How to solve a congruence with Euclidean algorithm with exponents

Question

I need help solving this particular congruence with Euclidean algorithm. I, in general, don't know how to solve congruences with exponents so I don't even know how to start.

\begin{align*} x \equiv 6^{29} \;(\bmod\; 7) \end{align*}

I know how to solve the ones without exponents, so it would be great if someone could do a step by step solution for this example and explain it to me a little bit better.

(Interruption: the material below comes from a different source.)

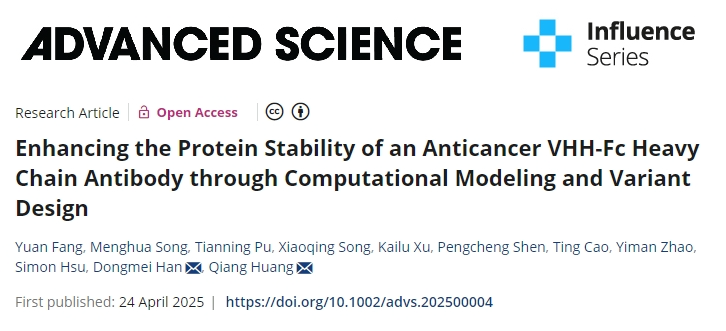 近日,DB视讯技术运营团队与复旦大学黄强教授课题组在抗肿瘤治疗领域取得了重要进展。双方针对抗肿瘤治疗用VHH-Fc抗体(VFA01),开发了一套基于计算机模拟(in silico)的综合分析流程,利用人工智能(AI)技术系统评估其蛋白稳定性,并结合实验验证,成功设计出稳定性显著提升的新变体。该成果发表于国际知名期刊Advanced Science上。

I want to use Euclidean algorithm because that's how I learnt to do all other congruences and Chinese remainder theorem. (This is how i do them: https://www.youtube.com/watch?v=4-HSjLXrfPs)

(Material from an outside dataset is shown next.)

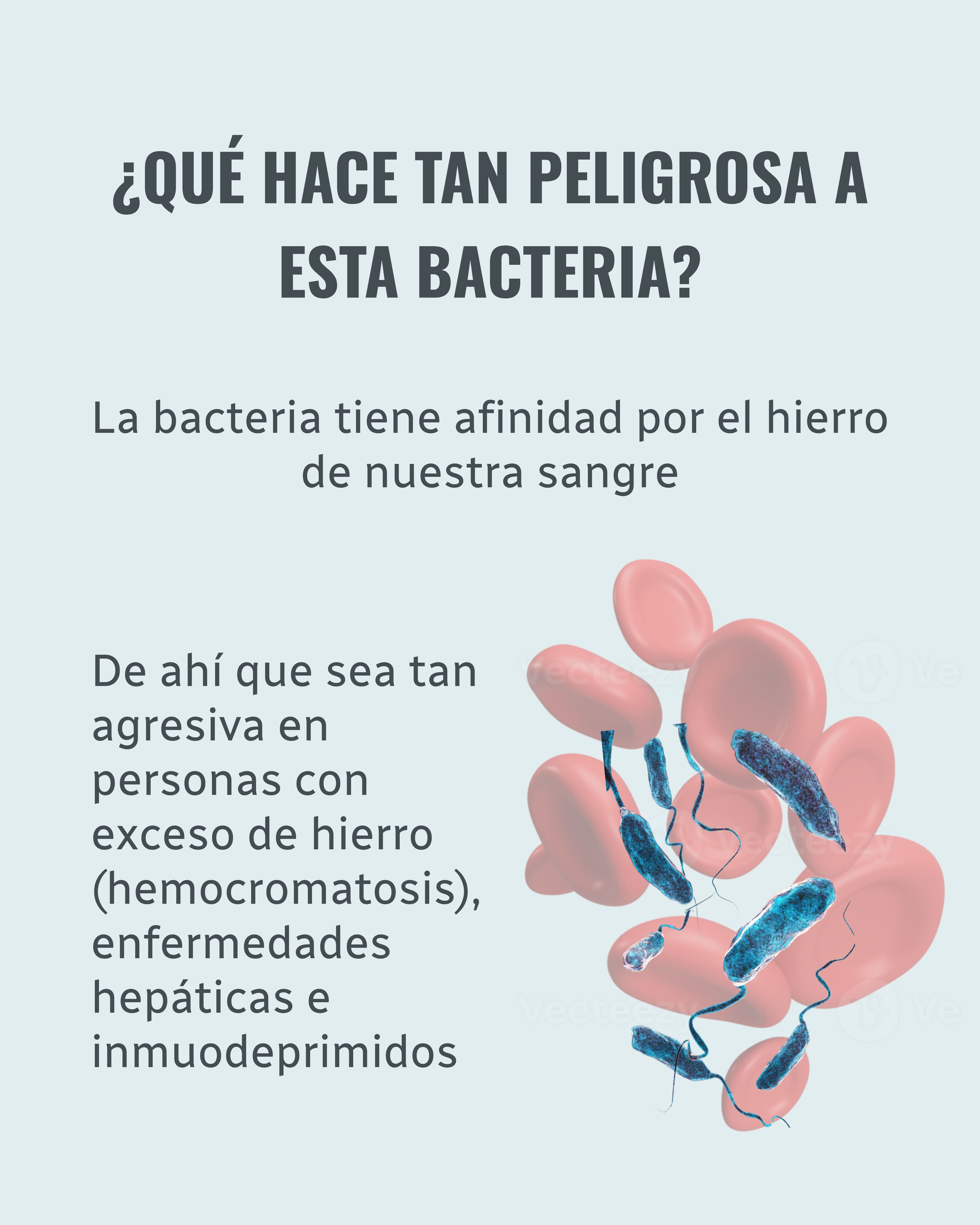 Pero lo que la hace realmente peligrosa es su afinidad por el hierro en personas con exceso de este mineral (hemocromatosis), con el sistema inmune debilitado y enfermedades hepáticas, su avance puede ser fulminante (septicemia).

Any help is much appreciated.

Answer 1

Irrespective of $6\equiv -1\bmod 7$; Euler's theorem helps:

For any $a$ not divisible by $7$, on has $$a^n\equiv a^{n\bmod\varphi(7)}=a^{n\bmod 6}\bmod n.$$ Actually $6$ has order $2$ modulo $7$, so one even has $\;a^n\equiv a^{n\bmod 2}\bmod 7$.

Answer 2

$6x\equiv 6^{30}\pmod 7$ evaluate the unmodded value of $6^{30}$ and do as you did before.

Answer 3

Since $6^{29} = (6^2)^{14}\cdot6=(\mathring{7}+1)^{14}\cdot6$ and from $(\mathring{7}+1)^{14}=\mathring{7}+1^{14}$ we have:

\begin{align*} x \equiv 6^{29} \equiv 6(\mathring{7}+1^{14}) \equiv 6 \;(\bmod\; 7) \end{align*}

So you have to look for numbers of the form $7k+6$ with $k\in\mathbb{Z}$.